Si la mascarilla pudiese hablar, lo primero que seguramente le diría al gobierno de Pedro Castillo es lo siguiente: “Su ministro de Salud se fue de boca porque Perú es el país que peor enfrentó la pandemia de la COVID-19, el virus todavía pulula por calles y plazas y es un riesgo latente darme el carácter de opcional en espacios abiertos y cerrados, salvo en el transporte público y los hospitales donde sí soy de uso obligatorio”.
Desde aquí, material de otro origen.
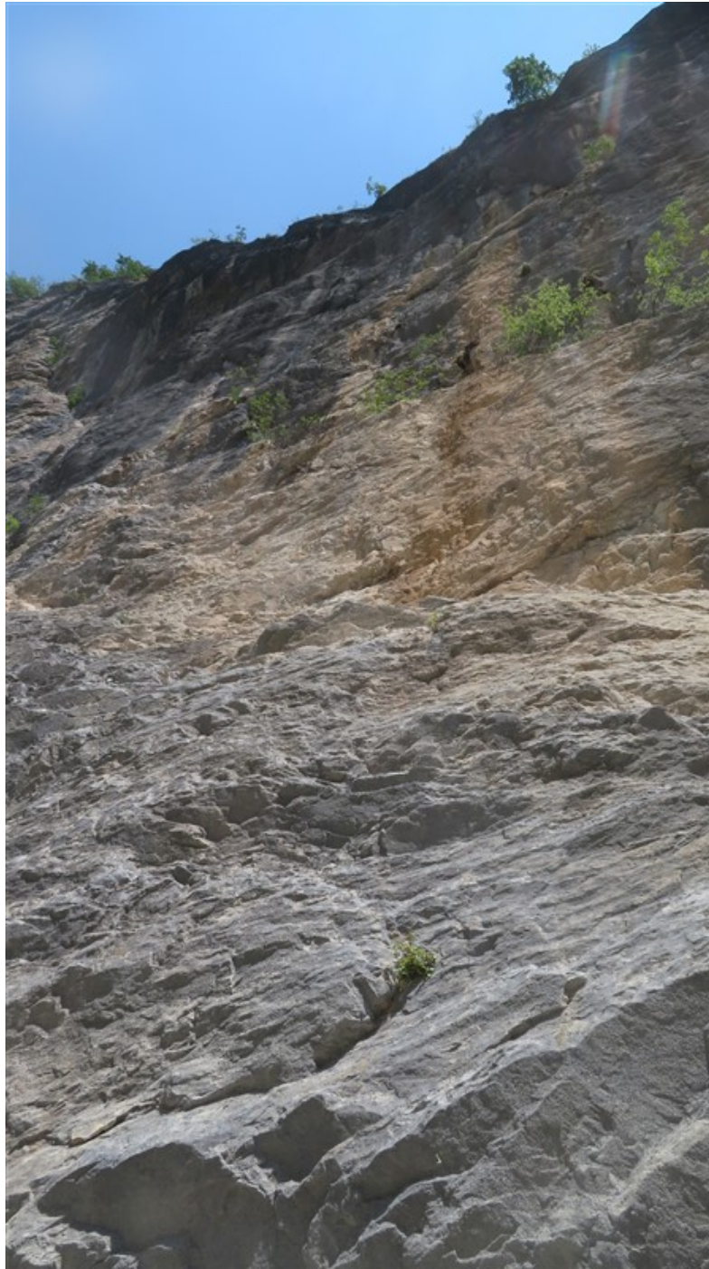
Alla base della prima lunghezza

Pero como el barbijo no tiene esa privilegiada facultad y, en completo silencio, se ha dedicado a salvar millones de vidas pese a que muchos lo trataron como al trapeador, nosotros tenemos que levantar la voz por él para advertir que estamos entrando a una cuasi normalidad peligrosa, con el agregado de que muchísimos peruanos no tienen ninguna vacuna y otro tanto continúa en debe con sus respectivas dosis, por A o B respetables motivos.

Así las cosas, tras el enrevesado Decreto Supremo 118-2022-PCM, recobra vigencia aquello que tanto profesaba Julio Cotler, que en el Perú “cada quien baila con su propio pañuelo”, es decir, que uno es responsable de su pellejo, en este caso darle la cara al coronavirus con o sin el bendito adminículo que es la mascarilla (que, por lo demás, merece un monumento en todo el mundo).

Es cierto que el “lagarto” Martín Vizcarra fue un remedo de mandatario y que se burló del país vacunándose a escondidas, pero en la precaria gestión del profesor chotano la población le agarró tirria no solo a las inyecciones sino que el sistema de vacunación en general cayó en el descrédito y las mascarillas, por extensión, empezaron a ser vistas como un fastidio. Y así no juega Perú.